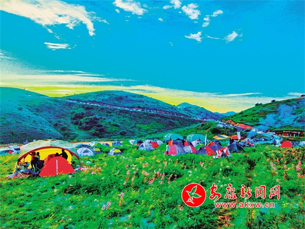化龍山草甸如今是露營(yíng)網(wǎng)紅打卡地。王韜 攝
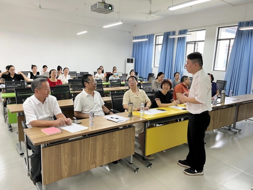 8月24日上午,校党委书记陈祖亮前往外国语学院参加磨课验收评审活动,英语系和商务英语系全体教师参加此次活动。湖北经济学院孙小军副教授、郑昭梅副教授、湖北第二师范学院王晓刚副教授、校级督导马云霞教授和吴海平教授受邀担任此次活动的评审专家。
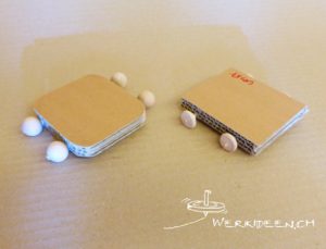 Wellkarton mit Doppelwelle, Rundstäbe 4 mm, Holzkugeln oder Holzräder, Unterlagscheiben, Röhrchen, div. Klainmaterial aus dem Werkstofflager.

...

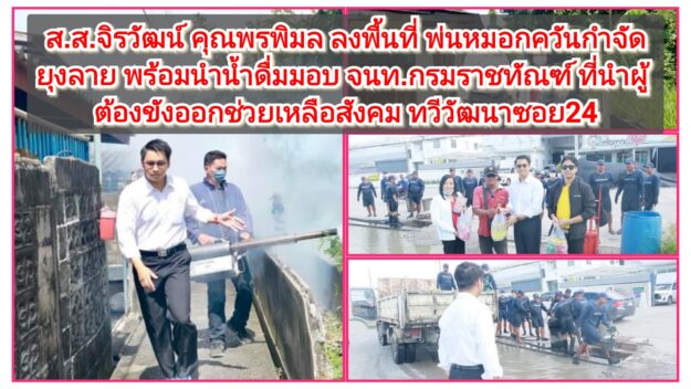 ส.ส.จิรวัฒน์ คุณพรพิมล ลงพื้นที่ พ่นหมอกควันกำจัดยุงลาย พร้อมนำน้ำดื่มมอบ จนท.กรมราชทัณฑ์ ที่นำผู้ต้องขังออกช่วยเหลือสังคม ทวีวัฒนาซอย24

WHAT THE EXERCISE ASKS: Keep to the stretch from the line containing "化龍山草甸如今是露營(yíng)網(wǎng)紅打卡地。王韜 攝" through the line containing "Wellkarton mit Doppelwelle, Rundstäbe", both ends included, and copy it exactly from the listing above, minus the pictures.

EXERCISE OUTPUT:
化龍山草甸如今是露營(yíng)網(wǎng)紅打卡地。王韜 攝
 8月24日上午,校党委书记陈祖亮前往外国语学院参加磨课验收评审活动,英语系和商务英语系全体教师参加此次活动。湖北经济学院孙小军副教授、郑昭梅副教授、湖北第二师范学院王晓刚副教授、校级督导马云霞教授和吴海平教授受邀担任此次活动的评审专家。
 Wellkarton mit Doppelwelle, Rundstäbe 4 mm, Holzkugeln oder Holzräder, Unterlagscheiben, Röhrchen, div. Klainmaterial aus dem Werkstofflager.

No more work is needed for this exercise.